# [About this task]
The output should match, line for line, the records from the line containing "Large Festive plaid" through the line containing "8分目まで入れたマフィン型4個分なら、レシピ通りの焼き時間で。", with every picture left out.
Extracted material below:
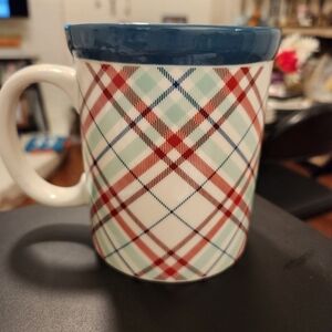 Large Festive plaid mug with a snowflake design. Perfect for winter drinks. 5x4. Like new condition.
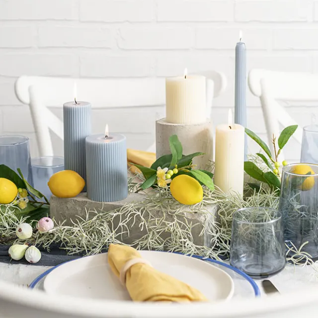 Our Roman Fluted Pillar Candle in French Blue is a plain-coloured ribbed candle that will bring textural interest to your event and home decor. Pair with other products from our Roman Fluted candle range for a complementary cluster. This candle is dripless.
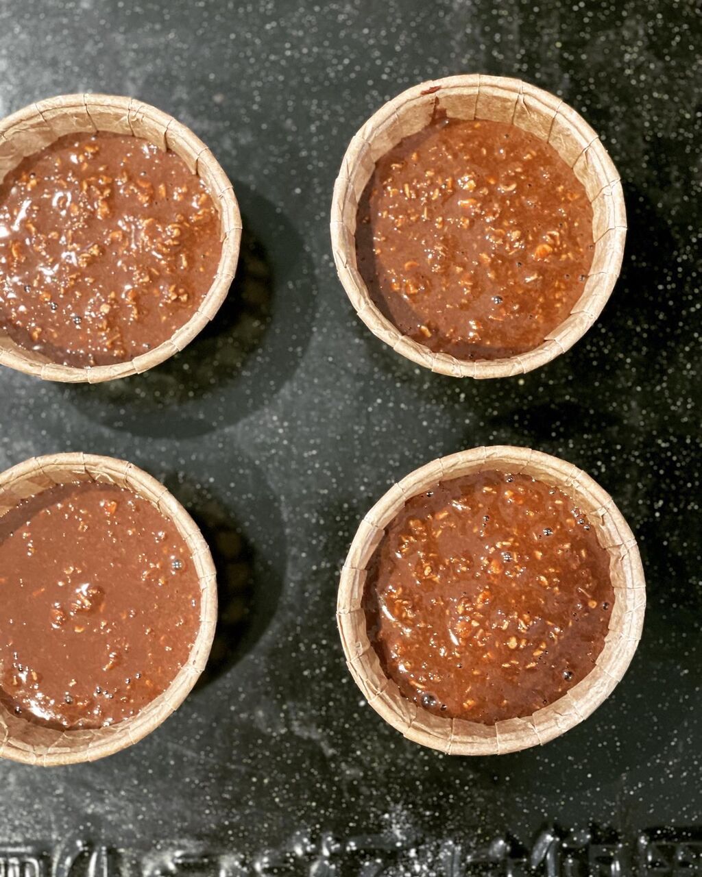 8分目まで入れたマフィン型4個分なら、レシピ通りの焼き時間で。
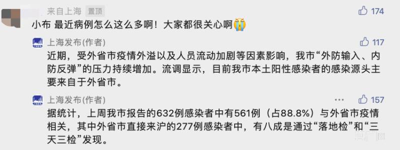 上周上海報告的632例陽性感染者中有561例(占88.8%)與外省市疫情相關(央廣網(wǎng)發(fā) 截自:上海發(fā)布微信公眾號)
End of Extracted material.
Extracted material below:
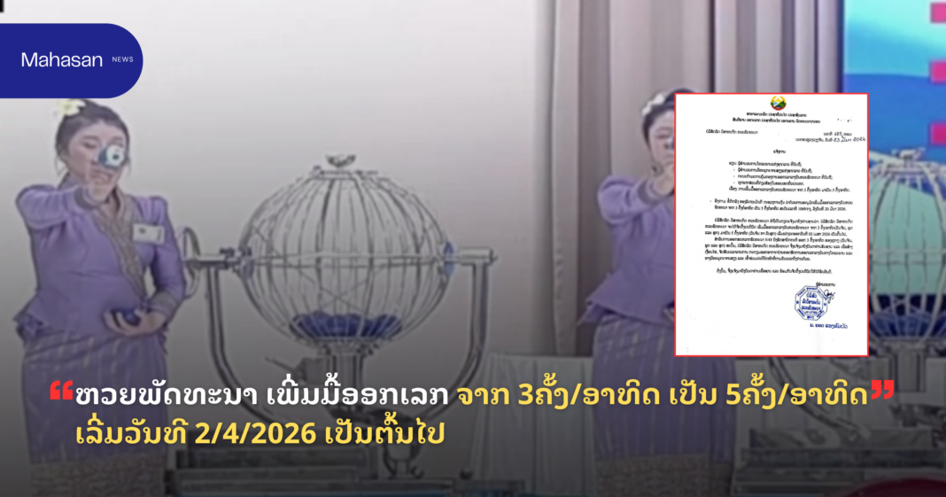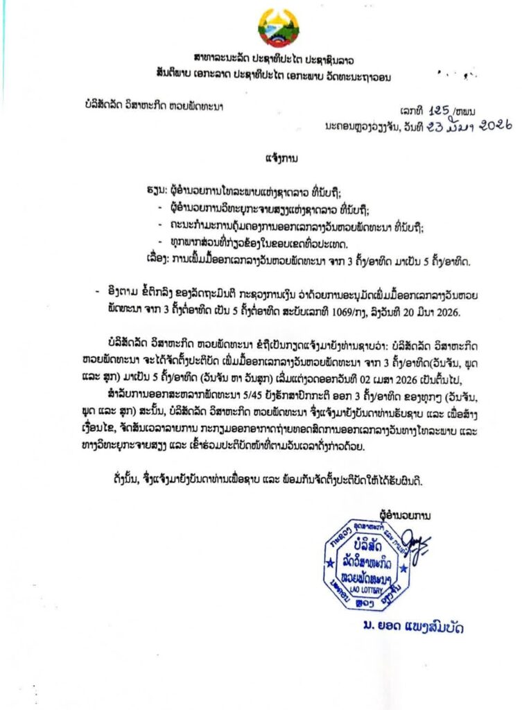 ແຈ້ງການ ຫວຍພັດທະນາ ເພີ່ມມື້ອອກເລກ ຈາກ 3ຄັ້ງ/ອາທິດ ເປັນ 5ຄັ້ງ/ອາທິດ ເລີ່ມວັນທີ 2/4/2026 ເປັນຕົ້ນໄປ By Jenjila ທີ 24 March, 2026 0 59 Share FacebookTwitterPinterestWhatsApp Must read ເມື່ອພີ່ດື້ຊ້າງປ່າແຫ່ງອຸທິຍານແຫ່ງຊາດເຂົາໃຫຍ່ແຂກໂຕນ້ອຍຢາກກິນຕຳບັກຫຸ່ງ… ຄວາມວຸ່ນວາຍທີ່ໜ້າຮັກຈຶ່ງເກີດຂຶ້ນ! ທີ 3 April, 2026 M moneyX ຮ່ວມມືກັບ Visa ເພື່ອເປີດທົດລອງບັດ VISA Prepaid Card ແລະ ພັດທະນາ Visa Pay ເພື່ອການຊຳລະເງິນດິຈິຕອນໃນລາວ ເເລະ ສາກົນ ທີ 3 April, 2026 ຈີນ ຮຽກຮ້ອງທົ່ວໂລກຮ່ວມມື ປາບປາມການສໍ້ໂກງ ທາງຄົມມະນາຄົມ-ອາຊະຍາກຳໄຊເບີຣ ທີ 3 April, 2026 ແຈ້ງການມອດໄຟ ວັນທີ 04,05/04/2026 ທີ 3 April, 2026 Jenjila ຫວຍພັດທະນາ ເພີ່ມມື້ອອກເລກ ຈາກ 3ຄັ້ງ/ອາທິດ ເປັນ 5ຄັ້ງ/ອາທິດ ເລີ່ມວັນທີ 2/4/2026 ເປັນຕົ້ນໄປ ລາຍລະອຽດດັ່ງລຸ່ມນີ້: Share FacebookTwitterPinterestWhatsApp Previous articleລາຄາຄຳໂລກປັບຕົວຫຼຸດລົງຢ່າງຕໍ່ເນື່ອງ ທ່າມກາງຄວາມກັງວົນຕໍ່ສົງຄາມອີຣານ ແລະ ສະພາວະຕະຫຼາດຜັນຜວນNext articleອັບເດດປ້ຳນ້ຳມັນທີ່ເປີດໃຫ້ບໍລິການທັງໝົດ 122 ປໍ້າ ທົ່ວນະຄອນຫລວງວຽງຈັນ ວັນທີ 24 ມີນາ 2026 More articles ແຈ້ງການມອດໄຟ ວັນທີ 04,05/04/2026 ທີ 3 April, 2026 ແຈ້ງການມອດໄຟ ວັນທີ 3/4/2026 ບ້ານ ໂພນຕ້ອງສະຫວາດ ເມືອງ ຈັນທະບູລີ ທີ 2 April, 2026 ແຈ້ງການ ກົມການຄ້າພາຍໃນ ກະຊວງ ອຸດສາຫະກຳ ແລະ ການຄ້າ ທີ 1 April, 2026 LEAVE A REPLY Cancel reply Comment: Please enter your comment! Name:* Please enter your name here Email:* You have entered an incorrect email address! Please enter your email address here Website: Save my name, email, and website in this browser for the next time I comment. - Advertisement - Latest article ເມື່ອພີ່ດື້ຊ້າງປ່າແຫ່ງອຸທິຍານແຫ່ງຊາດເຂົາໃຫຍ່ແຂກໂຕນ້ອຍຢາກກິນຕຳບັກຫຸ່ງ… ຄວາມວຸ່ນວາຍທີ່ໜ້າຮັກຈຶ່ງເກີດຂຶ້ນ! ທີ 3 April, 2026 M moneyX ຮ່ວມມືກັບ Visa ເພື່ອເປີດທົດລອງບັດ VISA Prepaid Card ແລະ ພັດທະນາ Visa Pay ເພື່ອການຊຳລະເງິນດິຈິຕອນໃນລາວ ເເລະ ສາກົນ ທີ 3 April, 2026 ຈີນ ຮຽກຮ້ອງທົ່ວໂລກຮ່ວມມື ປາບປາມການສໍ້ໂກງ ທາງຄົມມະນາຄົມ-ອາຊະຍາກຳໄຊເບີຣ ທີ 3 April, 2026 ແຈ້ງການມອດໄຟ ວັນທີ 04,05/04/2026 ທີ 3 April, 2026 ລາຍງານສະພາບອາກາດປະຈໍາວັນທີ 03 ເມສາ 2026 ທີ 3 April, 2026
End of Extracted material.
# [Exercise solution]
 Large Festive plaid mug with a snowflake design. Perfect for winter drinks. 5x4. Like new condition.
 Our Roman Fluted Pillar Candle in French Blue is a plain-coloured ribbed candle that will bring textural interest to your event and home decor. Pair with other products from our Roman Fluted candle range for a complementary cluster. This candle is dripless.
 8分目まで入れたマフィン型4個分なら、レシピ通りの焼き時間で。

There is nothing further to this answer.